With the #metoo repercussions and Netflix spat still lingering, Cannes opens tonight with Everybody Knows, a domestic thriller starring Penelope Cruz and Javier Bardem and directed by Iranian filmmaker Asghar Farhadi (A Separation, a divorce drama that was a hit in Bangkok). It is one of the 21 titles to compete for the coveted Palme d'Or, to be judged by a jury led by Cate Blanchett. From here on, the festival will roll out a slew of world premieres that will set the course of discussion for the rest of the year. Here are some highlights and titles to look out for.
The Asian crew
It's a good year for Asian titles. First off, the omnibus film Ten Years Thailand, featuring four short films about Thai society at a crossroads, will screen in the Special Screening section; it's the sole Southeast Asian film in Cannes this year (we'll have more on that tomorrow).
(Video YouTube/FilmsForFree Thailand)
A big contingent will descend from China, with three films that are much anticipated: Jia Zhangke's Ash Is Purest White is in the top-tier Competition; Bi Gan, an exciting young filmmaker who stunned with Kaili Blues in 2015, will present his new film Long Day's Journey Into Night, in the sidebar Un Certain Regard section; and lastly, the indie maverick Wang Bing will screen his eight-hour-long film Dead Souls -- it's going to be gritty, like when you chew pebbles, as typical of Wang's films; it will also be one of the longest films Cannes ever shows.
Japan and Korea, too, have their finest filmmakers in the Competition. Lee Chang-dong, Korea's former culture minister and one of its most respected directors, is back in Cannes with Burning, adapted from a Haruki Murakami story. Two Japanese filmmakers are also in the Competition: Hirokazu Kore-eda, whose films have always been popular in Thailand, will present the domestic drama Shoplifters; while Ryusuke Hamaguchi, whose Happy Hour screened in Bangkok last year, will make his first Cannes presence with Asako I & II.

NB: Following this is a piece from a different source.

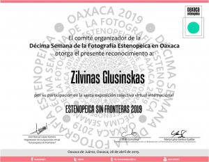 Vienas iš pinhole fotografijos meistrų Lietuvoje yra Kauno kolegijos Menų akademijos Fotografijos studijų programos lektorius Žilvinas Glušinskas, kuris dalyvauja tarptautinėje šeštojoje pinhole technika sukurtų fotografijų parodoje „Estenopeica sin fronteras 2019“ surengtoje Oaksaka mieste, Meksikoje. Ž. Glušinskas eksponavo kūrinius „Asakusa Dog“, „Tokyo Rainbow“, su kuriais susipažinti galite čia (17:37).

On the far corner of Asia, the elite Competition will screen Nadine Labaki's Capernaum, the first Lebanese film in the top section; Nuri Bilge Ceylan, a Turkish master who won the Palme d'Or in 2014, will return to the red carpet with The Wild Pear Tree; Jafar Panahi from Iran, who's officially banned from making movies, has made a film called Three Faces that is invited into the competition; and from Egypt is Yomeddine by Abu Bakr Shawky, also in the top section.
The potential controversy
Cannes welcomes back Lars Von Trier, the Danish provocateur whose career was shaped by Cannes back in the late 1990s and who is now a walking lightning rod -- with his films and his penchant for infuriating comments (he was banned from the festival in 2012 for making a Nazi joke). Von Trier will premiere The House That Jack Built out of Competition; the film stars Matt Dillon as a high-IQ serial killer who murders scores of women over 12 years (Uma Thurman plays one of his potential victims). With the #metoo movement in full swing and the debate on treatment of women very much the zeitgeist, Von Trier's past record in cinematic brutalisation of female characters -- the women in his films always suffer a terrible fate -- is likely to set the fuse ready among Cannes' 4,000-strong journalists.
And already a full-blown controversy, Terry Gilliam's long-awaited film The Man Who Killed Don Quixote was in April announced as the festival's closing film, but has since been embroiled in a bitter legal dispute that threatens to revoke its premiere. The film, 20 years in the making, stars Adam Driver as a man warped into the fantasy world of medieval Spain. Cannes insists on showing the film on its final day, and the case is still developing as of early this week.
(Video YouTube/ONE Media)
Meanwhile, the first Kenyan film to be screened in Cannes has already been banned by the country's censors: Rafiki, directed by Wanuri Kahiu, is a lesbian love story -- Kenya bans gay sex, a crime punished by imprisonment. Rafiki is showing tomorrow in the sidebar Un Certain Regard section.
The political warriors
Jafar Panahi has been banned by the Iranian government from making films for eight years -- but he has continued to do it on the sly. He has also been slapped with a prison term, though it hasn't been enforced. His new film Three Faces is in the Competition, and Cannes has made an appeal to Iran to let Panahi leave the country to present the film. No word has been heard if this will be allowed.
Likewise, Kirill Serebrennikov has been under house arrest in Russia for politically-related charges. His new film Summer, about the life of a rock star under an oppressive regime, is his first Competition entry, and yet it's not clear if the director will be able to make it to the red carpet of his own movie.
Burning by Korean filmmaker Lee Chang-dong. Festival de Cannes
Cannes Film Festival runs from today until May 19.